It was also said that an agreement was being discussed with Tonga as well.
The official said that Beijing was establishing security perches in the Indo-Pacific with the help of these security agreements. The official also told the Financial Times that the security agreements are similar to what was agreed upon with Solomon Islands.
The move is evidence that China is expanding its sphere of influence in the Indo-Pacific with an aim to counter Australia and the US.
Another US state department official expressed concerns that China is making ‘a global effort to expand the places where they can operate in military or quasi-military ways’.
The US has more to worry about because the talks with Kiribati are at an advanced stage. Kiribati, the Pacific Island nation, is 3000 kms away from the US state of Hawaii where the US Indo-Pacific Command is based.
The draft agreement between China and Solomon Islands allows the former to send police and even military forces to the islands, increasing concerns for AUKUS partners Australia and the United States – who are also members of the Quad grouping.
The finding comes at a time when US president Joe Biden is in the neighborhood and it remains unclear whether this issue will come up during the Quad meeting in Tokyo next week.

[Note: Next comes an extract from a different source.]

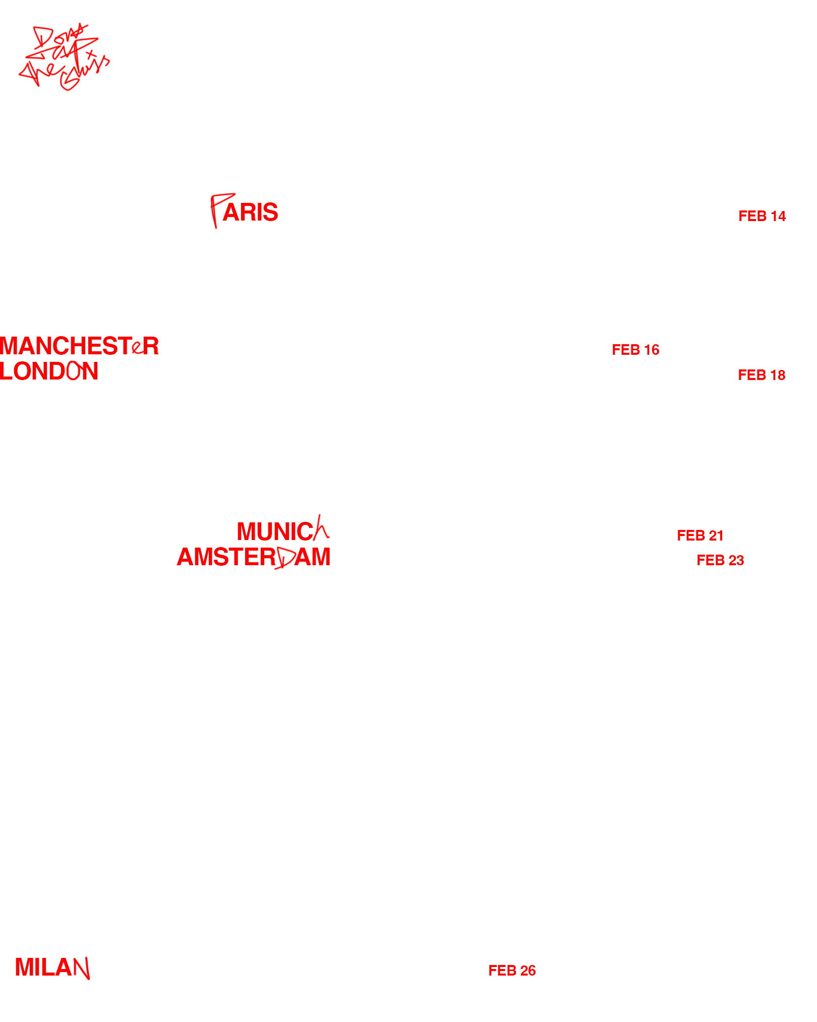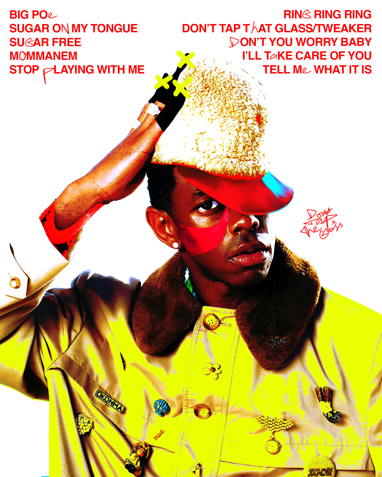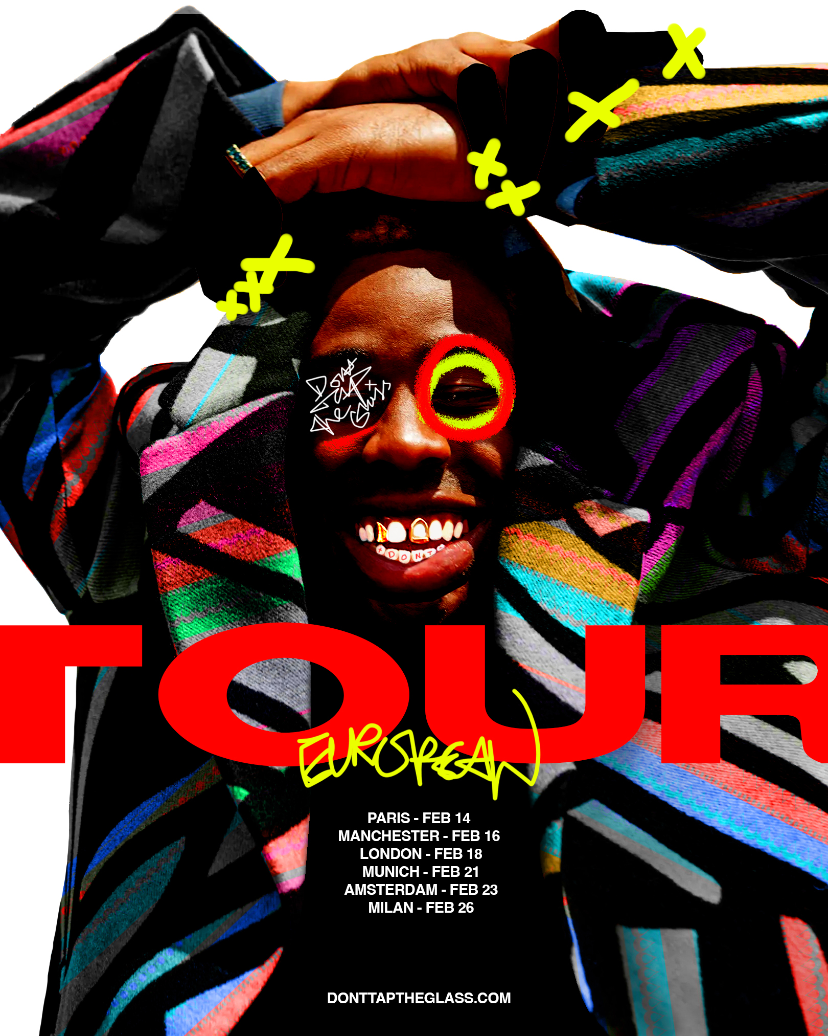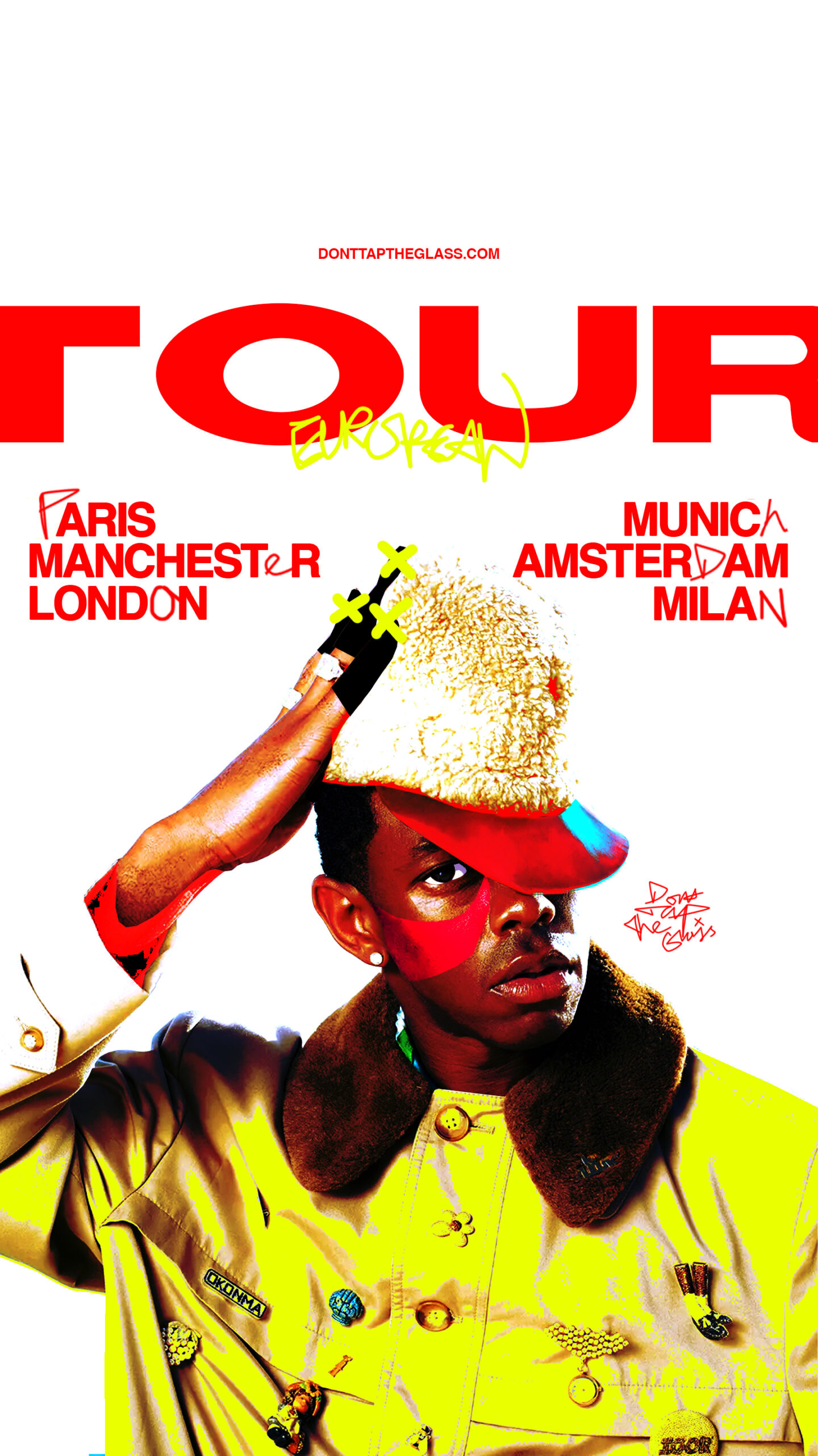 ‘Don’t Tap The Glass – 2026 European Tour’. This is a visual identity for Tyler the Creators Album ‘Don’t Tap The Glass’. I packaged this albums visual identity through the means of a 2026 European Tour. I wanted to produce a tour visual identity which was experimental, fun and truly authentic (resembling the identity and essence of the album).

Kiribati for its part has denied entering into any new kind of security deal. Their foreign minister Michael Foon dismissed the reports. However, the opposition leader Tessie Eria Lambourne warned against being part of China’s plans.
“We are next in China’s plan to establish its military presence in strategic locations in our region,” she said. She also said that the local population was opposed to Chinese presence.
The Chinese diplomats in return for Kiribati’s obedience will now allow restarting a space tracking station in the island-nation.
The Chinese stopped work in the station after Kiribati established diplomatic ties with Taiwan after 2003 but after it switched its loyalties to Beijing in 2019, work is likely to restart buoyed by the talks of security agreement.
The Chinese are also upgrading an international airport in Luganville, Vanuatu, a major US military base during World War II, after a deal was struck between both parties on Friday.